I might have mentioned it before, but this country seems in desperate danger of surrendering everything to a handful of entitled and increasingly vocal snowflakes who feel that the rest of us owe them a living.
Take for example the fact that the plain-speaking boss of one of Britain’s biggest accounting firms has had to step down after giving his workforce a bracing pep talk.
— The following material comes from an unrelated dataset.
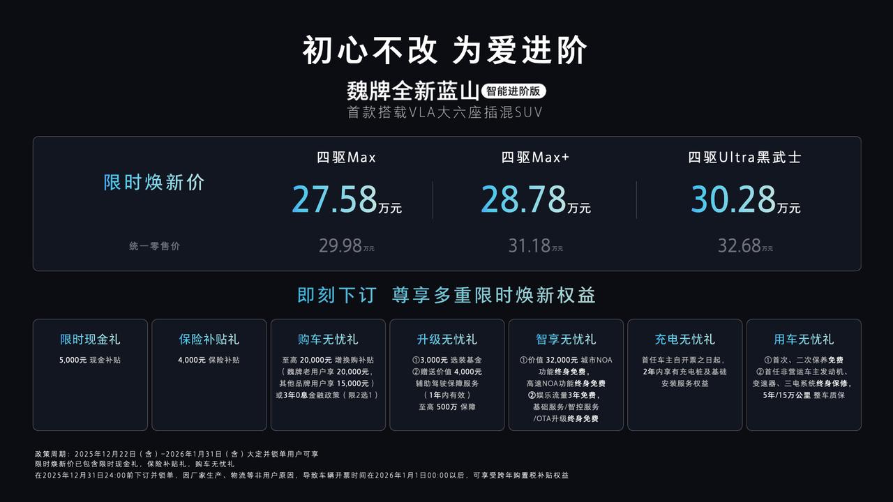 今晚,魏牌全新蓝山智能进阶版上市直接亮出诚意底牌!限时焕新价27.58万元起,对比29.98万元的统一零售价,入门版直降2.4万元,顶配黑武士版也仅需30.28万元,这个价格在中大型六座插混SUV里堪称“卷王”级别。更惊喜的是,购车还能享七大权益礼包,从5000元现金补贴、4000元保险补贴,到魏牌老用户2万元增换购补贴,再到城市/高速NOA功能终身免费,几乎把用车成本压到最低。 配置上更是拉满诚意,作为首款搭载VLA大模型的六座插混SUV,它能通过自然语音实现智驾交互,Hi4智能四驱电混系统带来4.9秒破百的性能,馈电油耗却低至6.5L/100km。3050mm轴距打造的六座座舱,第三排腿部空间达826mm,再加上三电系统终身保修的保障,27万级的价格能拿下这样的配置和服务,魏牌蓝山把“性价比”和“高端体验”做到了完美平衡。

During a virtual meeting, Bill Michael, of KPMG, told five hundred of his highly paid, working-from-home staff to stop moaning about the cut in their bonuses – they had been paid in full since the pandemic started and had, he said, very little cause for complaint. Michael told them they were in ‘a very lucky sector’ and should not ‘sit there and moan.’
To most of us that would surely sound eminently reasonable.
Many industries have been decimated, the economy is on its knees and millions will lose their jobs before this Coronabug emergency is over. I can only agree with Mr Michael that KPMG accountants are among the fortunate ones and should be counting their blessings instead of whingeing about their lot. Yes, they had a cut in their bonuses but most folk are no longer receiving bonuses so why on earth are they complaining?
But they were dammit. These overpaid turnips were outraged by Michael telling them to buck up and shut up. And then further incensed by his belief that the notion of unconscious bias as ‘complete and utter c**p’ after several in-house training modules seemed to suggest it did not exist.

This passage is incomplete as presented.